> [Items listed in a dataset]
──────────
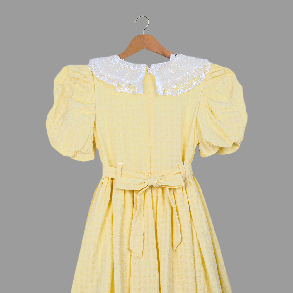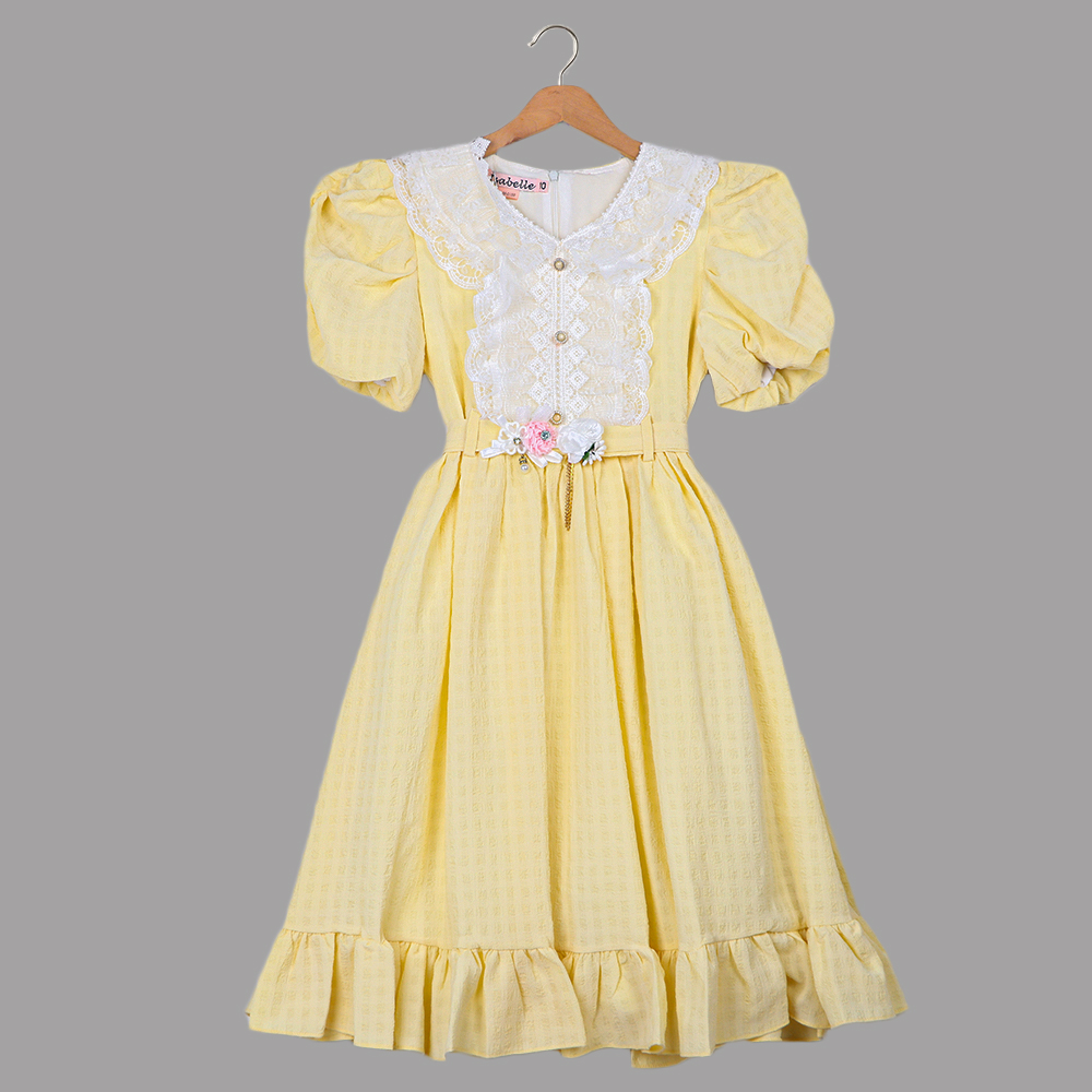 فستان أنيق يتميز بتصميم كلاسيكي راقٍ مع ياقة عريضة مزينة بدانتيل أبيض مطرّز وأزرار أمامية أنيقة يأتي بحزام خصر مزين بزهور صغيرة تضيف لمسة أنثوية ساحرة الأكمام المنتفخة بتصميمها العصري تضيف حجماً جميلاً، بينما تضيف الحافة السفلية المكشكشة مظهراً طفولياً رقيقاً يأتي الفستان مع حقيبة أنيقة مكملة لتصميمه لتمنح الطفلة إطلالة متكاملة وجذابة
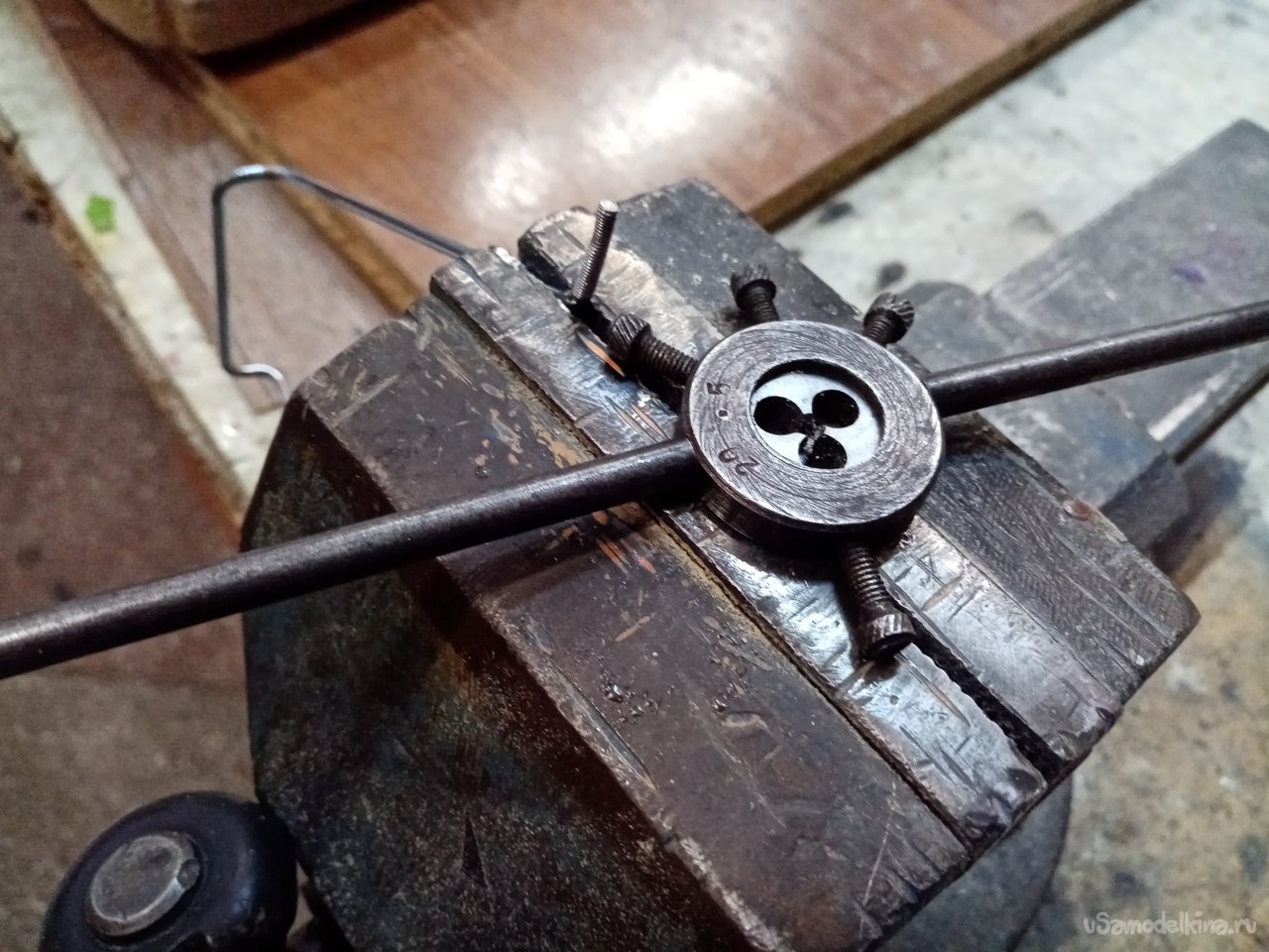 На концах стойки лыж нужно нарезать резьбу. В бой вступает лерка и смазка. Спустя некоторое время операция завершена. Резьба готова на двух концах. Примеряю стойки к корпусу и к лыжам. Примерки завершились положительно. Следующая операция, изготовление элементов крепления шасси к фюзеляжу.
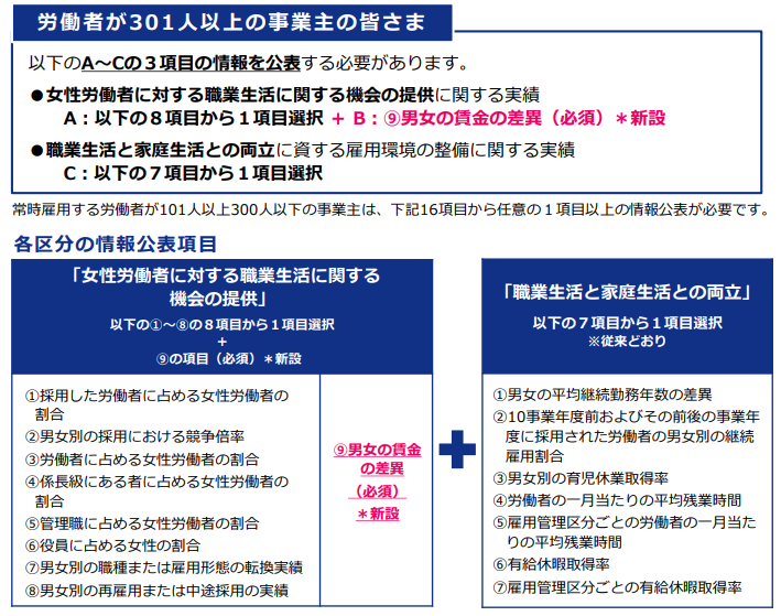 従来、女性活躍推進法では、常時雇用する労働者が301人以上の事業主に「管理職に占める女性労働者の割合」等の厚生労働省令で定める項目のうち、2つ以上を公表することを義務付けていました。
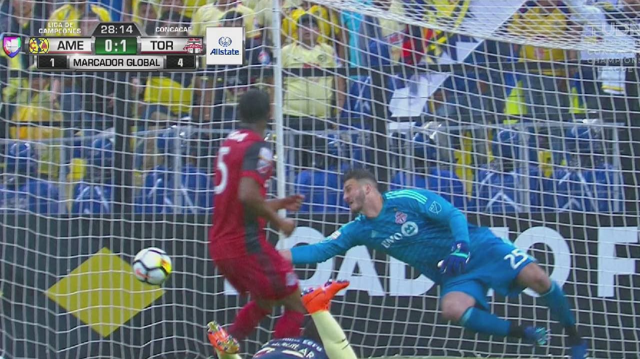 Apenas corría el minuto 27 cuando el portero del Toronto FC hizo una desviada brutal, que le habría dado oxígeno al América en caso de no hacerla.
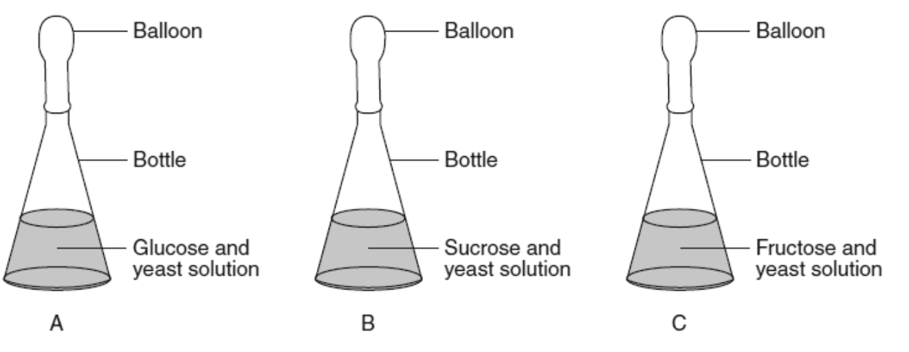 • When yeast and sucrose (or glucose or fructose) are combined in a container with a balloon over it, the balloon will inflate the most.
──────────
> [EXERCISE PROMPT]
A verbatim copy of the entries, without the pictures, is what this task requires.

> [RESPONSE AREA]
 فستان أنيق يتميز بتصميم كلاسيكي راقٍ مع ياقة عريضة مزينة بدانتيل أبيض مطرّز وأزرار أمامية أنيقة يأتي بحزام خصر مزين بزهور صغيرة تضيف لمسة أنثوية ساحرة الأكمام المنتفخة بتصميمها العصري تضيف حجماً جميلاً، بينما تضيف الحافة السفلية المكشكشة مظهراً طفولياً رقيقاً يأتي الفستان مع حقيبة أنيقة مكملة لتصميمه لتمنح الطفلة إطلالة متكاملة وجذابة
 На концах стойки лыж нужно нарезать резьбу. В бой вступает лерка и смазка. Спустя некоторое время операция завершена. Резьба готова на двух концах. Примеряю стойки к корпусу и к лыжам. Примерки завершились положительно. Следующая операция, изготовление элементов крепления шасси к фюзеляжу.
 従来、女性活躍推進法では、常時雇用する労働者が301人以上の事業主に「管理職に占める女性労働者の割合」等の厚生労働省令で定める項目のうち、2つ以上を公表することを義務付けていました。
 Apenas corría el minuto 27 cuando el portero del Toronto FC hizo una desviada brutal, que le habría dado oxígeno al América en caso de no hacerla.
 • When yeast and sucrose (or glucose or fructose) are combined in a container with a balloon over it, the balloon will inflate the most.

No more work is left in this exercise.